Hilton earned $2.67 billion in revenue, beating expectations, and its revenue per available room (RevPAR) was up 6.8% from Q3 of last year. Occupancy, president and CEO Chris Nassetta said, reached its highest level since the pandemic, and was nearly back to its 2019 high.
Marriott, the world’s largest hotel group, took in $1.2 billion in gross fee revenues for the quarter, 13% higher than Q3 of last year. Its global RevPAR was up 8.8% YoY.
Hyatt had a “tremendous quarter,” president and CEO Mark Hoplamazian said in a press release. Its total fees for the first three quarters of the year were 25% higher than in 2022, and its RevPAR rose 8.9% YoY.
The travel bug has bitten: There’s been “robust demand around the world” for travel, Marriott president and CEO Tony Capuano said in a press release.
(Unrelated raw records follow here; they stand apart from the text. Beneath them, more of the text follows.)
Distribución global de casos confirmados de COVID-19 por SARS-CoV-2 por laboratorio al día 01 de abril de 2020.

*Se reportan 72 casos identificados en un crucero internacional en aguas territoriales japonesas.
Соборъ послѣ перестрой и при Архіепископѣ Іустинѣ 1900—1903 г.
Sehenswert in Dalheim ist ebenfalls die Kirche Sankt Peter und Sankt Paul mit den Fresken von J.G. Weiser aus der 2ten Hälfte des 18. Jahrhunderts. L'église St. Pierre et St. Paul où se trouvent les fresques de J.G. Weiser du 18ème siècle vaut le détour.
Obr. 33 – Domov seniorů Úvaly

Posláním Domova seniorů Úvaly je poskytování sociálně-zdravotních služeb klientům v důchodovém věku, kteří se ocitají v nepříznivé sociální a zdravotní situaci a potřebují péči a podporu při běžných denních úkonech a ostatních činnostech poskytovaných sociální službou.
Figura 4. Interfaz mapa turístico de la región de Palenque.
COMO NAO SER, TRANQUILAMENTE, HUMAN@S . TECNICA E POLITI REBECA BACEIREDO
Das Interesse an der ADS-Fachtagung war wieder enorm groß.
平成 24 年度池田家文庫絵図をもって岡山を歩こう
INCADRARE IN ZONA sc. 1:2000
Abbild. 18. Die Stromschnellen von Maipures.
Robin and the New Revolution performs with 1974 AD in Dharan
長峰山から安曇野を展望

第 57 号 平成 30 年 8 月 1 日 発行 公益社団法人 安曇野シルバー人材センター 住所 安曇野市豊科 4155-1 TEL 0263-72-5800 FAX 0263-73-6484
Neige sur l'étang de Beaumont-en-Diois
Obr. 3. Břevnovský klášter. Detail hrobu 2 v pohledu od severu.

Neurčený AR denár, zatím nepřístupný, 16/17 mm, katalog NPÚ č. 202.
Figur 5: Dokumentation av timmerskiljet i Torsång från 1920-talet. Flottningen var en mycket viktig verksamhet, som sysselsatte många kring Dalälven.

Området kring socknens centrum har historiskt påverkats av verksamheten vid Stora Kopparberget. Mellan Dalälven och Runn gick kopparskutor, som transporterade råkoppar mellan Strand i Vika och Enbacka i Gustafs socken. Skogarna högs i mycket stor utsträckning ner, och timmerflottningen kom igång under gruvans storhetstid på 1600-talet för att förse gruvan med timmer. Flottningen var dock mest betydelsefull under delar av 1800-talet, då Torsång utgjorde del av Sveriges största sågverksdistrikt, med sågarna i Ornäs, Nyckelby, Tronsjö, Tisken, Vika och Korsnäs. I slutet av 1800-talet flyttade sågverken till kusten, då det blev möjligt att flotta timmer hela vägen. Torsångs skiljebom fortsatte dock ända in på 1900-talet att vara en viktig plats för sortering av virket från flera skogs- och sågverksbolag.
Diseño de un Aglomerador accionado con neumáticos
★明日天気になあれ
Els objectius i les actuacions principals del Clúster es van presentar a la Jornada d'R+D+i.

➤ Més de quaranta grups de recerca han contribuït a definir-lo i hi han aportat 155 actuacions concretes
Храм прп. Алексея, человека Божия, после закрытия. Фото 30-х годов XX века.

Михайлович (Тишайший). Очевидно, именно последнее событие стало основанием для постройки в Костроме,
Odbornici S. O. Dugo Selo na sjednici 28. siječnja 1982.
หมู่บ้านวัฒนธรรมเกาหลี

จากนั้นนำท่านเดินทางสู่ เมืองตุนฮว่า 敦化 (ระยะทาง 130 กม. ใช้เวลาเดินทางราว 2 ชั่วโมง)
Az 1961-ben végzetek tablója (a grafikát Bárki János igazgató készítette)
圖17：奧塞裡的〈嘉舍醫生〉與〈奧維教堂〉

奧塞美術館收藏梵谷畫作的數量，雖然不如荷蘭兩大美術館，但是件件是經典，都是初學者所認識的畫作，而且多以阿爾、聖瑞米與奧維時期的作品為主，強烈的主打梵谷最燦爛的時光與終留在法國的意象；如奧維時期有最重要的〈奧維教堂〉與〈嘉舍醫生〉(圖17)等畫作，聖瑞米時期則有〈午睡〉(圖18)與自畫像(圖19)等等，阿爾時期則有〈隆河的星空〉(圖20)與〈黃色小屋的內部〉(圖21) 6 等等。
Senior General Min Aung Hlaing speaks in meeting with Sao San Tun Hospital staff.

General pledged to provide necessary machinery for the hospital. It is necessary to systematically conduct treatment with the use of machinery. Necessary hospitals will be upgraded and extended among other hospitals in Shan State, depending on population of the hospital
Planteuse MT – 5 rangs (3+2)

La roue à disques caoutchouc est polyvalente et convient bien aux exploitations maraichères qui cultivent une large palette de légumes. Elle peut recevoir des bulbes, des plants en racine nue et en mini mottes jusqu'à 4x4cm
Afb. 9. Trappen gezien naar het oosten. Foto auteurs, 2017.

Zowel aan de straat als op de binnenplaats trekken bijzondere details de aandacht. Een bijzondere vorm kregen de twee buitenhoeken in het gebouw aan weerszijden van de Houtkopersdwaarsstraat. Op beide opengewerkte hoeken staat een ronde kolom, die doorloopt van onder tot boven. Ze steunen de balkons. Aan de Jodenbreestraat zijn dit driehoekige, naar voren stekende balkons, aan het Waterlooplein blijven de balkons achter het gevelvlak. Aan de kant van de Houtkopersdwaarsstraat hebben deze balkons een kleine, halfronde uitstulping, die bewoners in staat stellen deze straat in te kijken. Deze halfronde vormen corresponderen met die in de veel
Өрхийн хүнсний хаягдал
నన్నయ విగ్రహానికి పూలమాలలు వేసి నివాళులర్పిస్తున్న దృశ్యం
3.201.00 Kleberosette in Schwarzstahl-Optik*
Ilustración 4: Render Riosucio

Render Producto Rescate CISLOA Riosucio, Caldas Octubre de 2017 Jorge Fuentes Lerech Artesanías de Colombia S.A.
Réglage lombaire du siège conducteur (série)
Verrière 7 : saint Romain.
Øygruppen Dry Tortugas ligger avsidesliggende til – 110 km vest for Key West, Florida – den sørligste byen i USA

Marriott saw almost 25% more cross-border leisure travel among Americans and Canadians compared with last year. And in international locations, RevPAR grew 21.8% YoY..
Business travel is also seeing a resurgence. At Hilton, RevPAR for group bookings topped 2019 levels for the first time since the pandemic. “Group is just off the hook,” Nassetta said. “Our teams are saying they’re doing everything they can to keep up with demand.”
But the makeup of business travelers has shifted, Marriott’s Capuano said: While small and medium-sized businesses have reverted to their pre-pandemic travel patterns, large corporations are returning to travel more slowly.
Hilton’s Nassetta said he expects large group bookings to pick up in the near future, observing that large organizations plan events far in advance and that many held off on planning when there was more uncertainty around pandemic safety measures.
Trend toward experiences is boosting travel: Consumers’ desire to choose experiences over goods is also driving travel, Leeny Oberg, Marriott’s CFO and EVP of development, said. And though this trend started among younger people, it now spans generations, Capuano added, citing Marriott’s credit card spending data.